Как-то прошлой весной поехал я на дачу. Вышел утром из душной электрички, увидел весенний лес, услышал пение птиц, вдохнул полной грудью свежий воздух, но все это не произвело на меня ровно никакого впечатления. И в таком безразличии ко всему на свете шел я минут десять, как вдруг послышался приглушенный шум поезда вдали. Я слушал этот знакомый звук и вспоминал почему-то самых моих близких умерших людей. Прежде всего вспомнилась мать, которая очень любила нашу природу, особенно зимнюю, стремилась поехать на дачу в любую погоду; вспомнил затем тетку Клавдию Васильевну, которая, напротив, к природе была равнодушна, но подолгу жила с нами на даче... Эти воспоминания что-то неуловимо переменили в душе — жизнь стала теперь наполняться ощутимым смыслом: захотелось пойти в лес, захотелось и в саду поработать, и музыку послушать, и пофотографировать, и, главное, написать, как получилась эта светлая перемена — словом, жить захотелось как следует. Я почувствовал себя почти счастливым.

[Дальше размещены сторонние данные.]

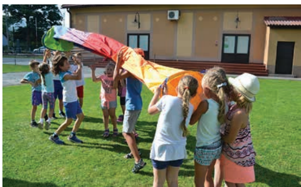
Zabawy z tunelem animacyjnym.
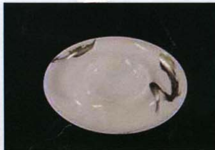
Tac-B-311 φ19.3×h2.0cm プラチナブラシ102モデル 1,600 円
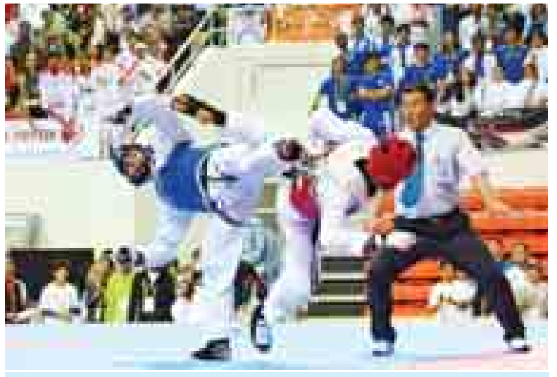
အာရှအားကစားပြိုင်ပွဲဝင်မည့် မြန်မာတိုက်တွမ်ခိုကစားသမားများ ဆီးရီးယားပြိုင်ပွဲ၌ ယှဉ်ပြိုင်နေစဉ်။
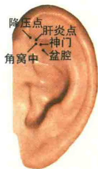
图 1-8 三角窝部穴位
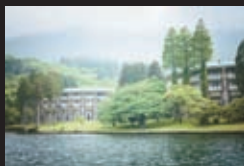
ザ・プリンス箱根芦ノ湖(イメージ)
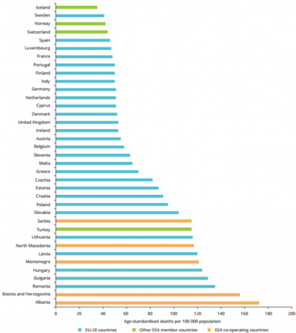
Bild 2 [1] Tabelle: Prozentualer Anteil von Gestorbenen aufgrund von Umwelteinflüssen einzelner Länder (Stand 2012)

Der Extrakt des gesamten EU-Berichtes lässt sich – und wurde – in einer Tabelle zusammengefasst:
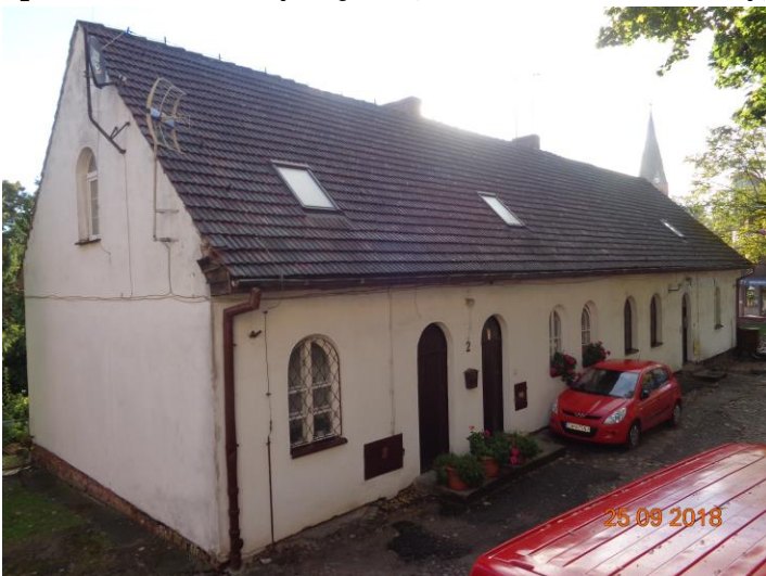
Zdjęcie nr 10. Spichlerz (nazwa zwyczajowa), obecnie dom mieszkalny, ul. Kilińszczaków 57

Budynek wzniesiony w 1860 r., jako mieszkanie szkolnego woźnego kolegium jezuickiego i stajnia. W końcu XIX w. przebudowany: powiększono część mieszkalną, a stajnię w północno-zachodniej części – przekształcono w pomieszczenie gospodarcze; remontowany na przełomie lat 60. i 70. XX w.
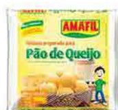
8935 MISTURA PÃO DE QUEIJO AMAFIL | 1X500GR 7896035931036
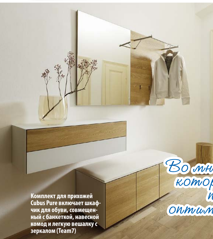
Комплект для прихожей Sibus Pure включает шкафчик для обуви, совмещенный с банкеткой, навесной комод и легкую вешалку с зеркалом (Team7)

Во многих салонах есть дизайнеры, которые с помощью программы-планировщика подберет оптимальный вариант мебелировки для вашей прихожей
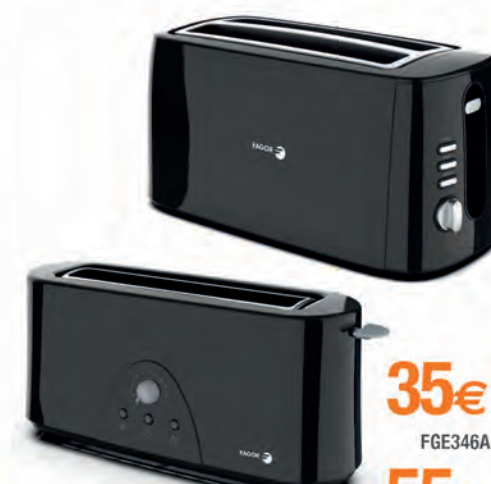
TOSTADOR FAGOR 35€ 55€

20.6000 130 W. Palanca metálica de presión. Cono de acero inoxidable. Incorpora filtro. Antigoteo. Cód. 124714
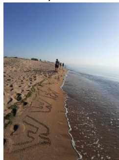
Figura 5 ricerca nidi AMP
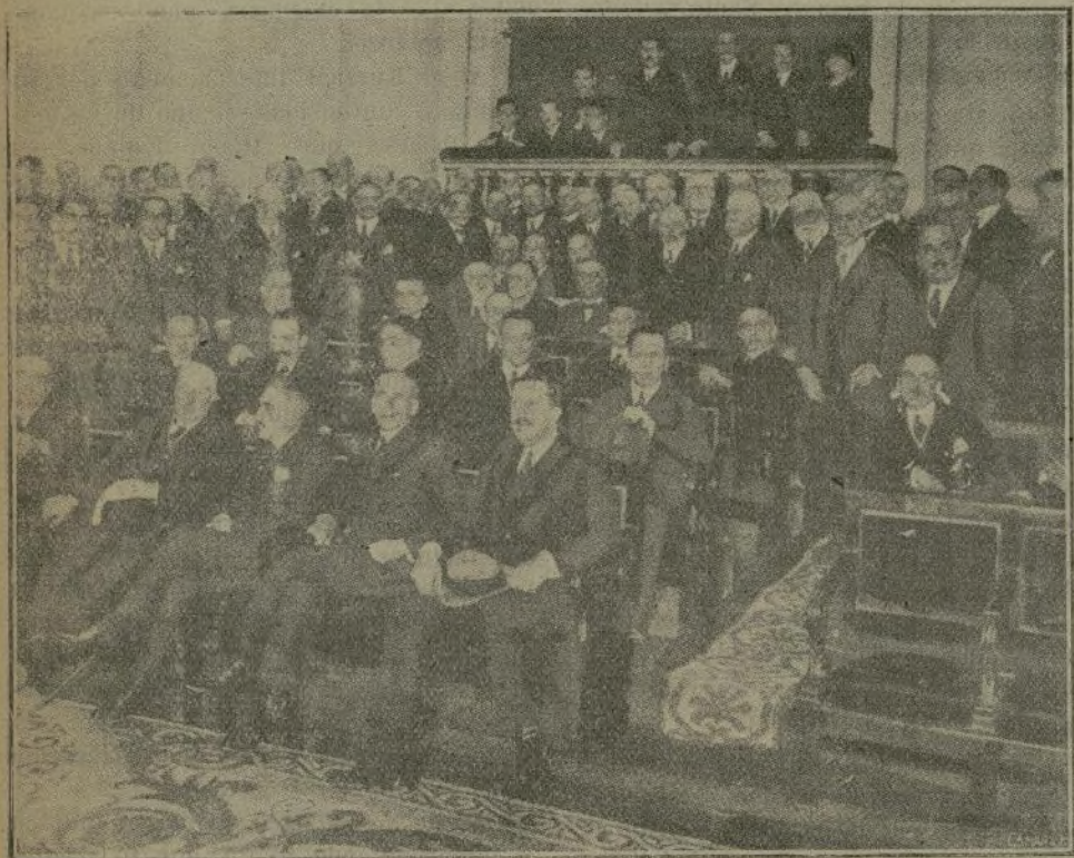
El Marqués de Athucemas pronunciando su discurso en el Senado, ante los ciento setenta y dos parlamentarios que forman parte de la concentración liberal, formada bajo su presidencia, en la mañana del día 8 del corriente.

sino el contraste obligado a que se le somete antes de pasar por el Poder. Es en ese instante cuando surgen de nuevo los partidos políticos, abriéndose sus peculiaridades, vigorizados, plásticos y con ansias de instaurar sus normas y de traducir sus ideales a la realidad. Lo primero es afirmar la independencia, que es la vida y a todos interesa. Luego ya se verá cómo debe vivirse.
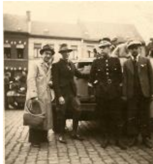
Bevrijding en repressie, Izegem, 1944 (HV20160419_004)
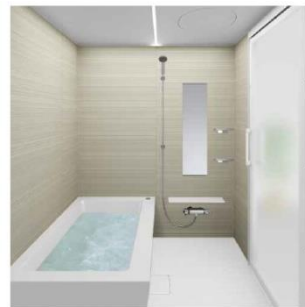
※上記写真はOrioによるイメージ画像です。取付器具・機器の形状及び色調などは実際の仕様と異なる場合がございます。ショールームなどで実物をご確認いただくことをお勧めいたします。
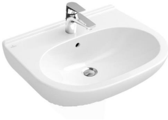
Villeroy & Boch O.Novo wastafel 60 x 49 cm keramiek wit (excl. afgebeelde kraan en plug)
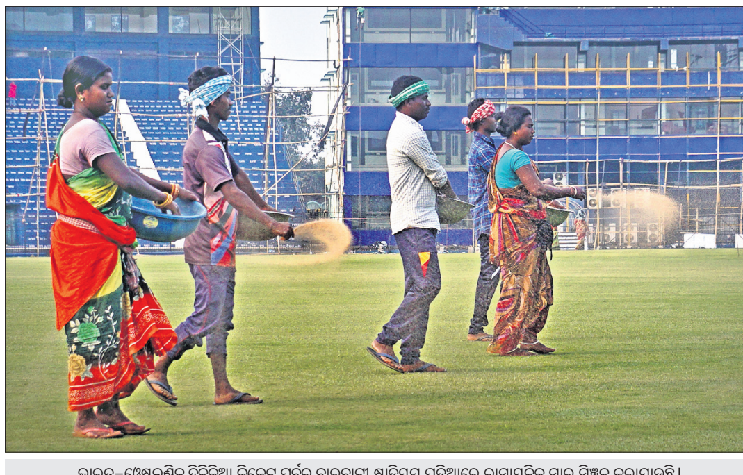
ଭାରତ-ଫ୍ରେସ୍‌କଣ୍ଠିକ ଦିନିକିଆ କ୍ରୀଡ଼ାକର୍ମ ପୂର୍ବରୁ ବାରବାଟୀ ଷ୍ଟାଡ଼ିୟମ ପଡ଼ିଆରେ ରାସାୟନିକ ସାର ସିଞ୍ଚନ କରାଯାଇଛି।

ଅଷ୍ଟ୍ରେଲିଆ ପ୍ରଥମ ଉଦ୍ଦିଷ୍ଟ: ୪୧୬/୪(ଆଉଟ (ଲାବୁସେନ-୧୪୩, ହେଉ-୫୬, ସ୍ଲିଥ-୪୩, ଓର୍ଟଲ-୪୩, ପେନ୍-୩୯, ଷ୍ଟୋର-୩୦, ଓର୍ଟଲ-୪/୯୨, ସୌଦା-୪/୯୩, ଗ୍ରାଭିସ-୧/୩୭, କାଟ ରାଭାଲ-୧/୩୩)। ନ୍ୟୁଜିଲାଣ୍ଡ ପ୍ରଥମ ଉଦ୍ଦିଷ୍ଟ: ୧୦୯/୫ (ଟେଲର-୬୬, ଡ୍ରୁଇୟମ୍‌ସନ-୩୪, ଷ୍ଟୋର-୪/୩୧, ହାକଲେଉଡ଼-୧/୦)।

Вот это вспомнилось, когда я читал небольшой рассказ Пришвина «Ключ к счастью», который заканчивается так: «Сегодня в хаосе цветов и звуков роскошного луга синей фацелии один солнечный лучик попал на венчик крохотной гвоздики, и она вспыхнула рубиновым огнем и привлекла мое родственное внимание ко всему миру цветов и звуков. Венчик крохотной гвоздики в этот раз и стал ключом моего счастья». А в моем эпизоде таким ключом был отдаленный звук поезда. Вообще все в этом рассказе Пришвина чудесно относится к психотерапии в той ее части, которая связана с творческим самовыражением. Разумеется, этот ключ в другой раз может и не открыть заветные ворота. В самом деле, поезда у нас ходят часто, но далеко не каждый раз возникает тот целебный эффект, о котором я рассказал.

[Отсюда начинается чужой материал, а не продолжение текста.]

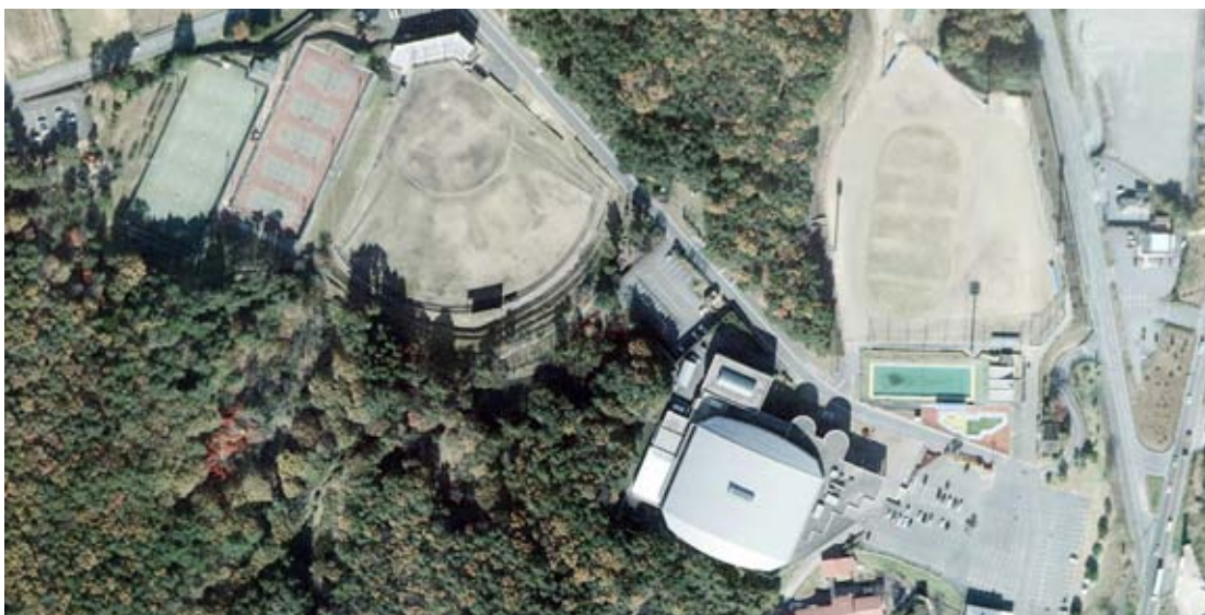
魅力ある町づくりに必要な施設を
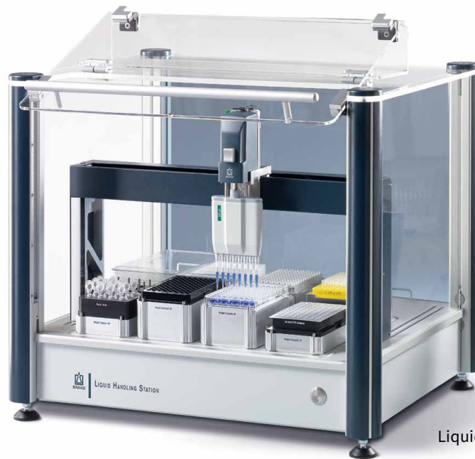
Liquid Handling Station
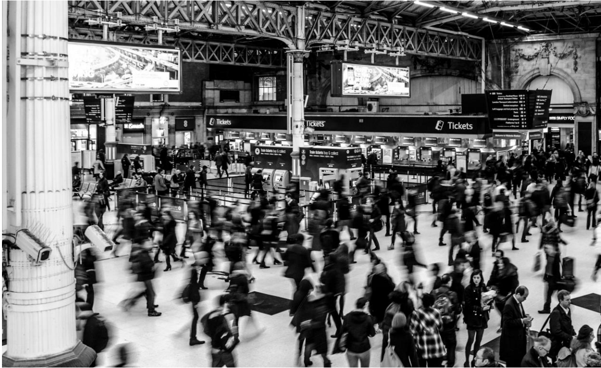
Bildtexter: Människor som går i en järnvägsstation
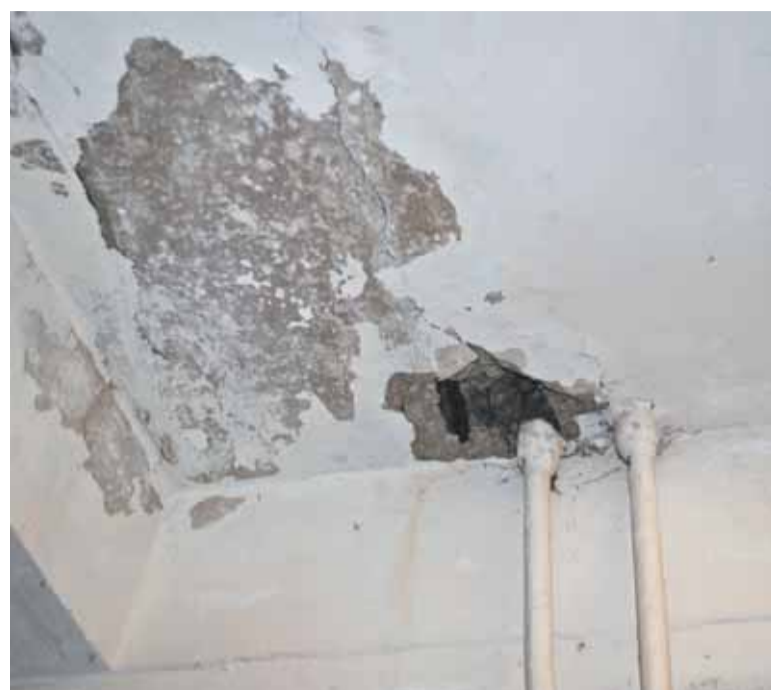
...но одной только покраской тут явно не обойтись

тех самых баллов. Однако заметим, что это не единственный критерий.
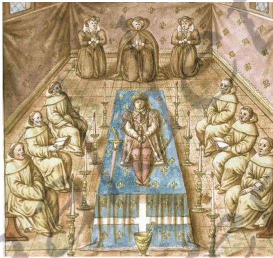
Begravenis van Karel IX. Verlichting uit het manuscript Carmen de tristibus Galliae, 1577, gemeentelijke bibliotheek van Lyon
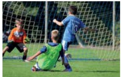
E1-Junioren bei "Kinderfestival" aktiv
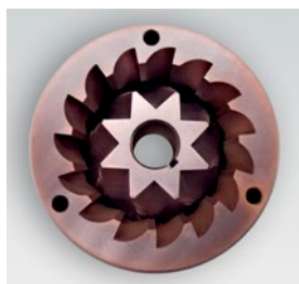
macina red speed / red speed blades
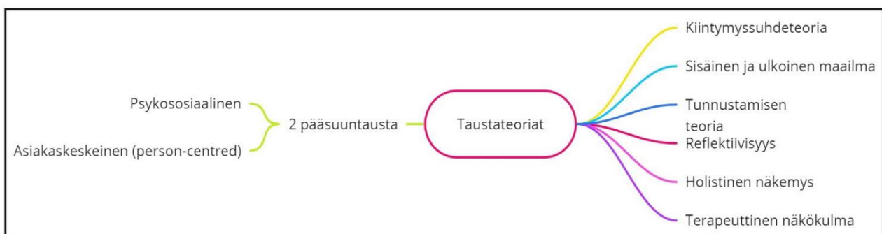
KUVIO 1. Suhdeperustaisuus -käsitteen taustateoriat

Kahden pääsuuntauksen lisäksi tutkijat ovat yhdistäneet muita sosiaalityön teorioita ja lähtökohtia suhdeperustaisuuteen ja tutkimuksiinsa. Suhdeperustaisuutta halutaan kehittää, jotta se ei kohtaa samanlaisia vaikeuksia kuin 1970-luvulla. Tutkijoilla ei ole yhtä tiettyä näkökulmaa, vaan avuksi on otettu useita eri teorioita.

«Но ты продолжай вертеть каким-нибудь ключом, в этом весь твой метод — вертеть, трудиться с верой, любовью, — и замок тогда непременно откроется сам», — говорит Пришвин. Он был творческим человеком и, следовательно, имел в виду творческую работу. И тут я вижу первую трудность, поскольку творчество нередко понимают ложно, по-газетному. Но что такое творчество на самом деле? Не берусь давать определения, а просто расскажу такой случай. Как-то сидя в коридоре психотерапевтической амбулатории, я рассматривал запылившийся уже стенд фотографий, среди которых были и мои снимки. И тут только я впервые подумал, что вот прожил жизнь, а нет у меня ничего такого, что было бы для меня более свойственно, характерно, чем эти нехитрые снимки. Они просты, но повторить их все же невозможно — это я знал по опыту. Они, вероятно, весьма далеки от технического и тем более художественного совершенства, но привлекают все же внимание людей. А раз фотография, вообще работа имеет эти признаки, то есть характерна, оригинальна, интересна для других, то это, наверное, и есть творчество.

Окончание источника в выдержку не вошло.